Le chant religieux (« spirituals ») est représenté par l'incomparable Sister Rosetta Tliarpe (dont un « Go Ahead » bouleversant); le chant profane (« blues ») par Memphis Slim et John Lee Hooker. Mais il y a aussi le blues instrumental, orchestral et les exemples ne manquent pas : tour à tour l’orchestre Buddy Tate; Eddie Durham (guitare) et Edgar Battle (trompette et orgue) ; l’orchestre Dick Vance; le grand trompette Charlie Shavers ; les «Panassié Stompers » jouent le blues, chaque soliste improvisant, dans son style propre, des variations montrant combien riche et divers est l’art du blues. En général, Louis et Claudine ont filmé et enregistré des orchestres en activité : celui de Buddy Tate (avec, toutefois le grand Cozy Cole remplaçant le batteur régulier de Buddy Tate), celui de Dick Vance, celui de Lionel Hampton (Hamp est accompagné seulement par sa section rythmique pour son étincelant solo de vibraphone sur Moonglow). Une exception : l’orchestre nommé « The Panassié Stompers» a été formé exprès pour le film : composé de huit des meilleurs jazzmen se trouvant à New-York au printemps 1970, lors du second séjour de Louis et Claudine aux Etats-Unis, c'est un véritable « all stars band ». Les voir et les entendre, c'est comme si vous assistiez a une «jam session» : c’est du jazz de grande classe s’improvisant sous vos yeux par huit musiciens ne jouant pas habituellement ensemble mais s’entendant à la perfection. Et il y a cet étonnant « team » Milt Buckner/Jo Jones, qui sonne comme tout un orchestre grâce at la plénitude du jeu de Buckner, un des meilleurs organistes que le jazz ait connus. La camera nous permet de suivre de près l’extraordinaire jeu de pied de Buckner sur le pédalier de l’orgue ; elle nous montre un admirable gros plan du visage si expressif de Jo Jones écoutant son partenaire exécuter un passage de Tea for two. Ne croyez surtout pas que Jo Jones « joue» pour la caméra : c'est l’expression que je lui ai vue chaque fois que Buckner interprétait (si merveilleusement) ce morceau. Jo Jones en était chaque fois ému jusqu’au plus profond de lui-même, et son visage racé reflétait exactement l’émotion qui s'emparait de lui. C’est, pour moi, une des plus belles images du film.

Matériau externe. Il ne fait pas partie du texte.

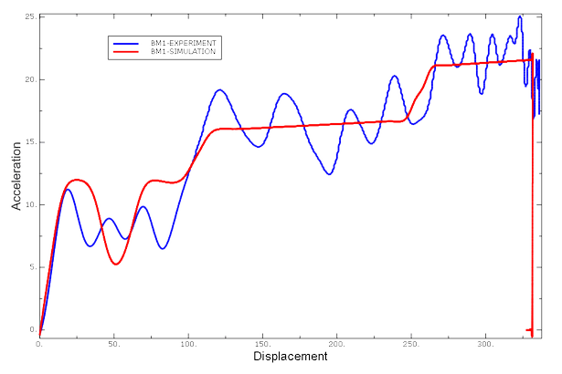 ![]() Acceleration histories of the experimental and analysis results correlate well, as shown in Figure 24. The acceleration of the analysis approaches a constant value near zero after the crushing event, as shown by the red curve. The acceleration of the experimental results exhibit some experimental noise after passing through zero, as shown by the blue curve. Figure 24. Time history of the sled acceleration for the complex cone.
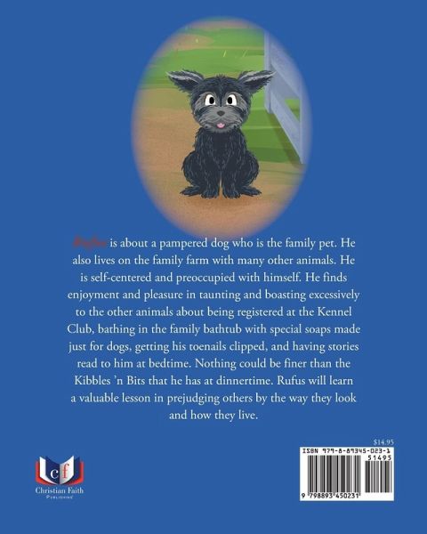 Rufus is about a pampered dog who is the family pet. He also lives on the family farm with many other animals. He is self-centered and preoccupied with himself. He finds enjoyment and pleasure in taunting and boasting excessively to the other animals about being registered at the Kennel Club, bathing in the family bathtub with special soaps made just for dogs, getting his toenails clipped, and having stories read to him at bedtime. Nothing could be finer than the Kibbles 'n Bits that he has at dinnertime. Rufus will learn a valuable lesson in prejudging others by the way they look and how they live.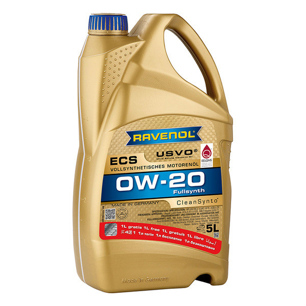 RAVENOL ECS 0W-20 – полностью синтетическое легкотекучее моторное масло, изготовленное с применением технологии CleanSynto® и USVO® для легковых бензиновых и дизельных моторов с и без турбонаддува и прямым впрыском топлива.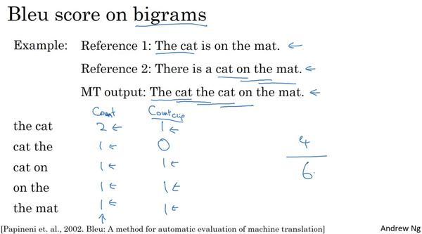 上述都只是关注单独的单词,在BLEU得分中,另外一种更科学的打分方法是bleu score on bigrams(二元词组),bigram的意思就是相邻的两个单词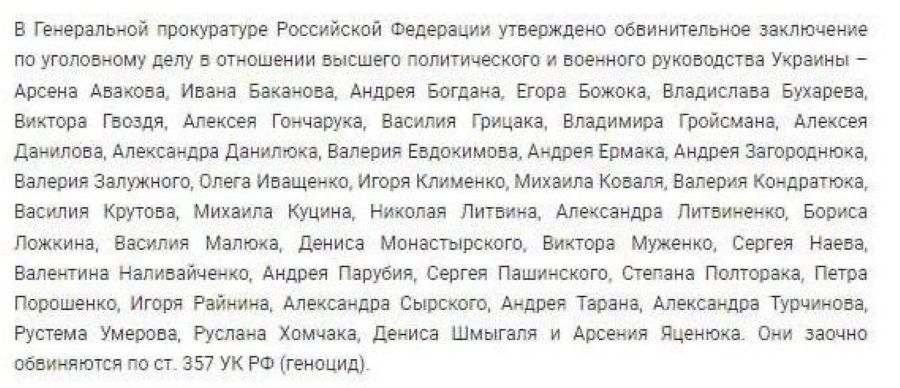 Генпрокуратура РФ направила в суд ДНР дело о геноциде, в котором Москва обвиняет украинские власти времен Порошенко и Зеленского (нынешнего президента Украины, или как любят говорить в России - "главы киевского режима" в этом списке нет).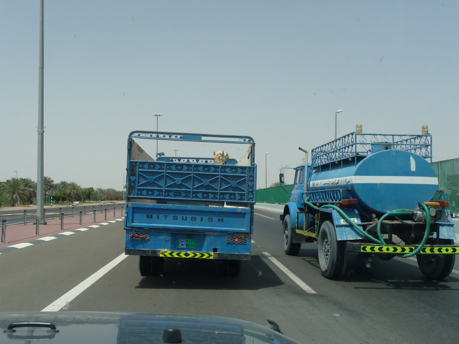 The one problem with new roads here is that someone eventually wants to widen them. By the time we reached the towns 100k or so south of Al Ain our route had become a major highway with little traffic except ourselves. We were temporarily held up in one village by two lorry drivers who occupied both lanes whilst they shouted friendly greetings at each other which then developed into a lengthy conversation as we all traversed the vicious sleeping policemen laid to slow down traffic through an area built up on both sides of the road. The pale camel coloured camel in the back of the truck regarded us inquisitively, we and the water bowser to his left were probably the only other vehicles he’d seen since being loaded onto the truck. On our route north the “camel fences” designed to keep the eponymous animal from being harmed by speeding vehicles were, on our right hand side almost one with the UAE/Oman border fence. Just a sliver of culivated land tracked between the road and the border on the UAE side all the way to Al Ain.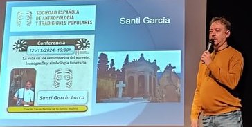 Santi García estará en las primeras jornadas 'Raíces y legado. Un encuentro intergeneracional', que el próximo sábado tendrá lugar en la Casa de Cantabria de la capital de España. En la foto se le observa en una reciente conferencia sobre 'La vida en los cementerios del sureste' que ofreció en un acto organizado en E Retiro madrileño por la 'Sociedad Española de antropología y tradiciones populares'.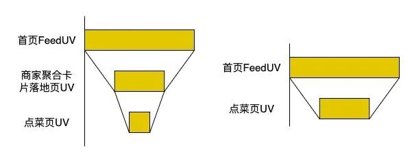 图2 转化漏斗:多商家聚合卡片转化漏斗(左),单商家卡片转化漏斗(右)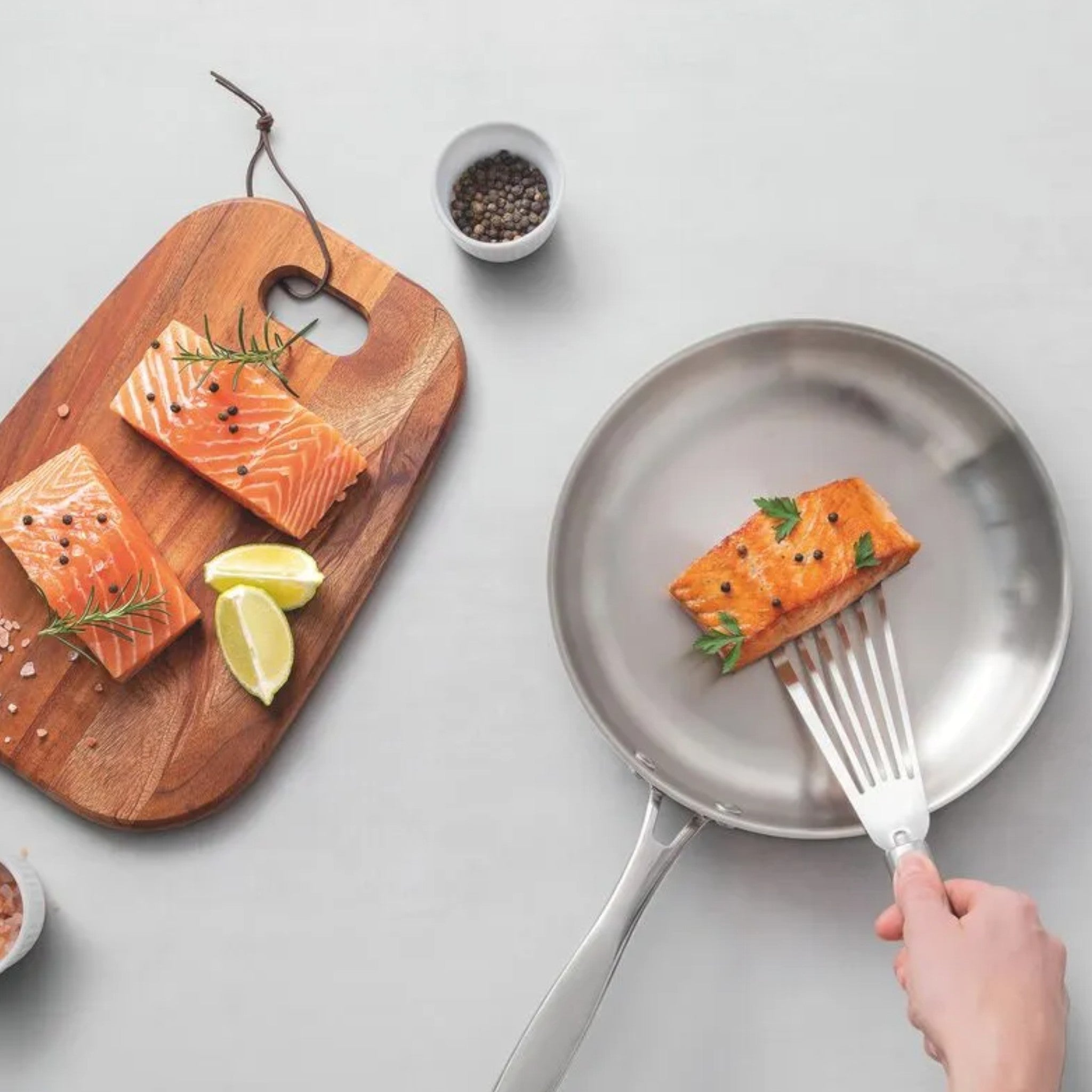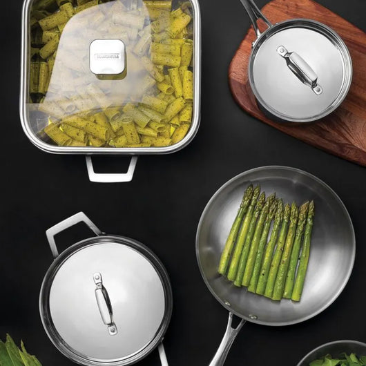 • Tecnología Tri-Ply: Consta de tres capas: acero inoxidable en el interior y exterior, y una capa de aluminio en el núcleo. Este diseño permite una distribución uniforme del calor, reduciendo puntos fríos y asegurando resultados consistentes en la cocción.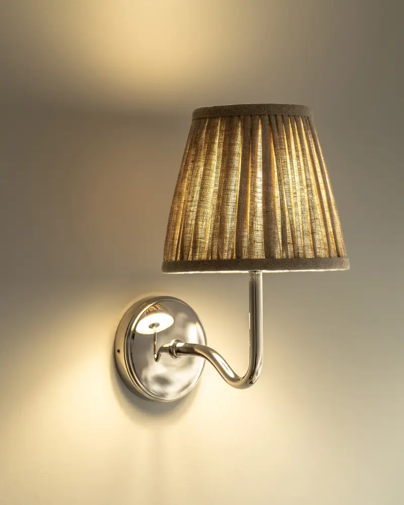 Malvern Medium Wall Light Pleated Natural Beige – Polished Nickel ● Frosted Acrylic Cover – Soft Light Diffusion ● Brushed Nickel Finish – Modern Look ▶ Transform Your Room’s Ambiance

Enfin, Louis et Claudine ont compris l’intérêt de la danse, partie intégrante du jazz — de la danse inexplicablement négligée dans tant de films et programmes de télévision, alors que rien n'est mieux fait pour l’écran que la vision de bons danseurs. La séquence tournée dans les rues de La Nouvelle Orléans un jour de parade montre une foule de danseurs amateurs (dont certains ne manquent pas de talent, comme cela est frequent chez les Noirs). Mais c'est avec les danseurs professionnels de Lou Parks que nous pouvons pleinement apprécier la beauté, le swing de la danse des Noirs; et saisir son lien étroit avec le jazz. Là, nous sommes au cœur même de cette forme d’art à double facette (musique-danse) des Noirs américains. C’est ainsi, avec la danse, que le jazz est né, c'est avec la danse qu’il s’est développé, fécondé par elle tout en la fécondant en un perpétuel échange. Pour tous ceux (c’est l’immense majorité) qui n’ont entendu du jazz qu’en disque ou dans quelques concerts mal sonorisés, « L’Aventure du Jazz » sera une occasion unique de pénétrer au cœur de la plus originale musique de notre siècle.